» **Dataset**:
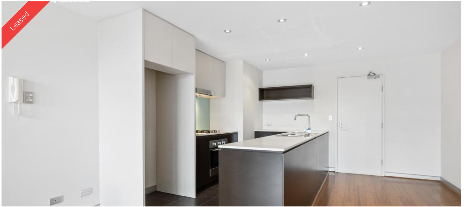
M403, 68 Mcevoy St, Alexandria
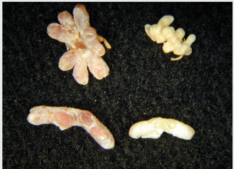
Healthy pink nodules on left side which will fix nitrogen, versus white, ineffective nodules on the right side.

Examining the nodules on sub-clover roots is a useful diagnostic tool. Sub-clover roots should contain pink-coloured nodules. The pink colour signifies the presence of rhizobia bacteria that is fixing nitrogen.
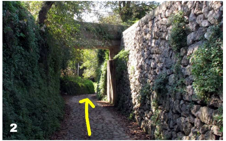
walk down the alley for about 300yd (270m) past this bridge and you'll get to a junction (photo 3 )

don't forget to download your FREE HQ MAP www.giovis.com/maps/deiA4o.pdf
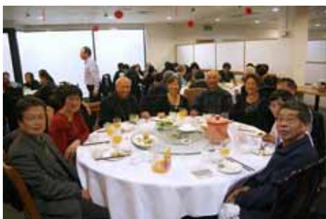
Pg 5 NZCA 75 th Anniversary Dinner
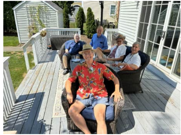
Figure 13: A Mellow Day to be Sure!
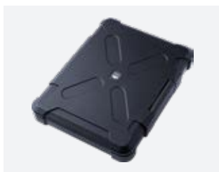
External 1TB SSD 2.5 inch data drive

(30 MHz – 512 MHz) W x H x D (276 x 70 x 128 mm) Weight (450g)
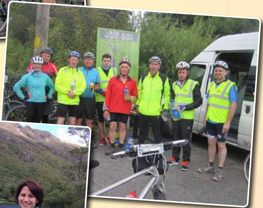
A break in Tourmakeady
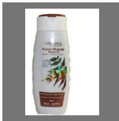
Kesh Kanti Natural Shampoo
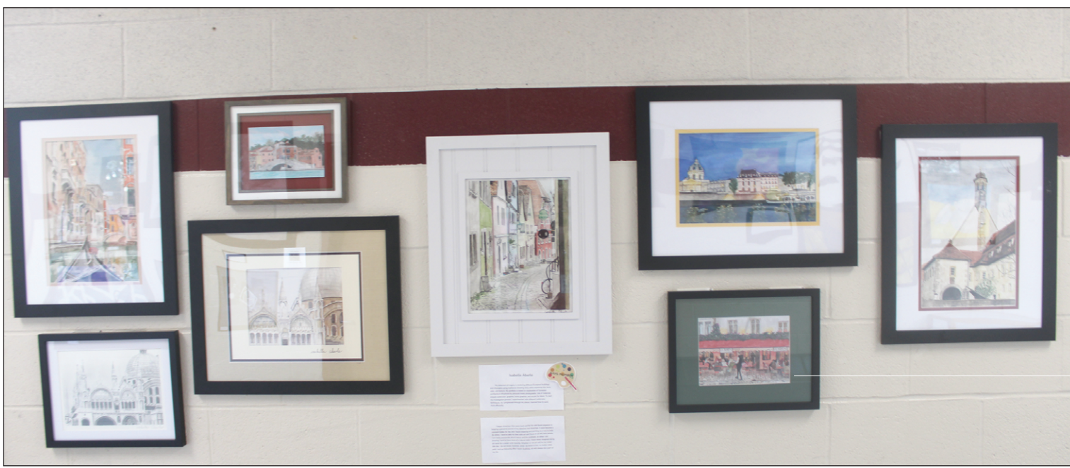
Artwork by Isabelle Aberle focusing on rendering different European buildings and cityscapes.
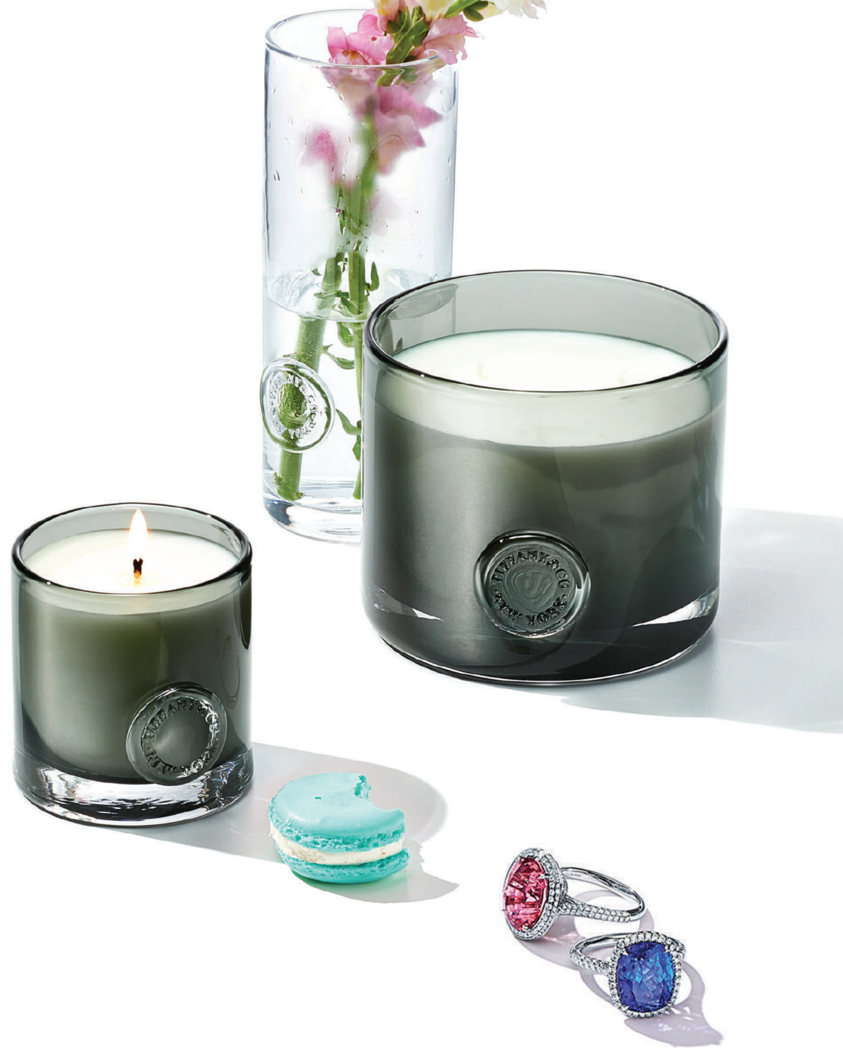
Right: Tiffany Seal candles in gray mouth-blown crystal glass vessel; Tiffany Seal vase; Ring in platinum with a pink tourmaline of 8 carats and diamonds and ring in platinum with a tanzanite of over 8 carats and diamonds.
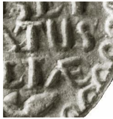
Diphthong correct This minor difference is not listed as a variety in the table above
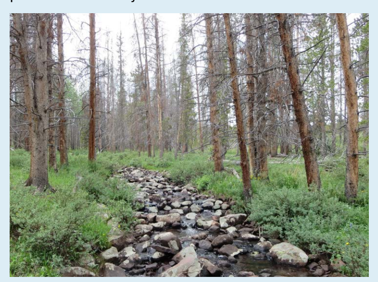
In Utah's Uinta-Wasatch-Cache National Forest, bark beetles have killed more than 90 percent of the trees in some areas.

Warmer and drier conditions make forests more susceptible to pests. Drought reduces the ability of trees to mount a defense against attacks from pests such as bark beetles, which infested 50,000 acres of Utah's forests in 2012. Temperature controls the life cycle and winter mortality rates of many pests. With higher winter temperatures, some pests can persist year-round, and new pests and diseases may become established.
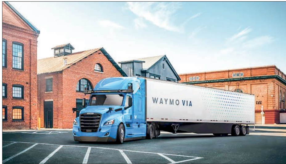
A vision for the future of logistics includes self-driving trucks like this one pictured by Alphabet-owned Waymo handling the long-hauls then ceding cargo to humans for the local legs to destinations.

work of shippers, carriers, and marketplace technology is a great match for the
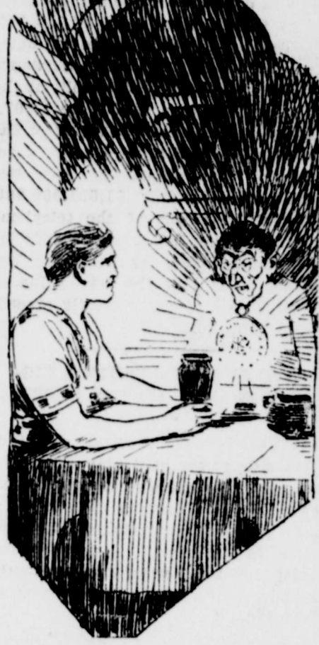
The Old Man Sat and Talked With Me for Hours.

me for hours, and the strangest part of our intercourse was that I could
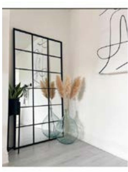
LIDA 180 x 80 cm
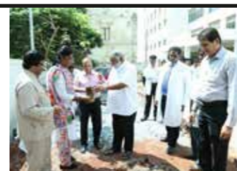
18 saplings planted on GOV
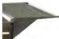
Escurrefritos lateral Side drip tray
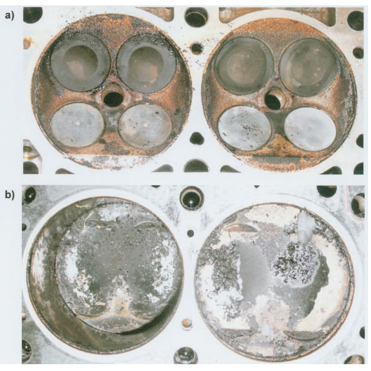
Fig. 4. Examples of deposit flaking in combustion chamber (a) and on the piston top (b)

Deposits which have been formed, are also being removed through various mechanisms divided into three groups: chemical (including oxidation and gasification), physical (including desorption and evaporation of volatile and gaseous components) and mechanical like abrasion, flaking and wash-off [12, 13] – Fig. 4.
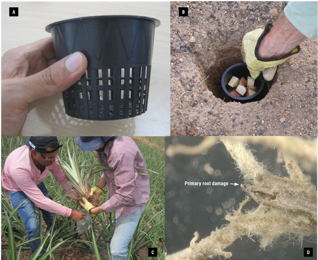
FIGURE 1. Symphylid sampling methodology. A) PVC plastic container used for sampling. B) Container with 50 grams of potato used as bait. C) Collection of plants. D) Bifurcation in the roots caused by symphylid damage.

The traps were transferred to the laboratory of La Suiza Research Center of the Colombian Agricultural Research Corporation - AGROSAVIA. There, they were thoroughly checked, spreading the soil and the bait in a dark-colored plastic tray where the captured specimens were collected with brushes and deposited in 75% ethyl alcohol.

» **Assignment**: Go over the listing above and return each line with "that".

» **Task response**:
Examining the nodules on sub-clover roots is a useful diagnostic tool. Sub-clover roots should contain pink-coloured nodules. The pink colour signifies the presence of rhizobia bacteria that is fixing nitrogen.
me for hours, and the strangest part of our intercourse was that I could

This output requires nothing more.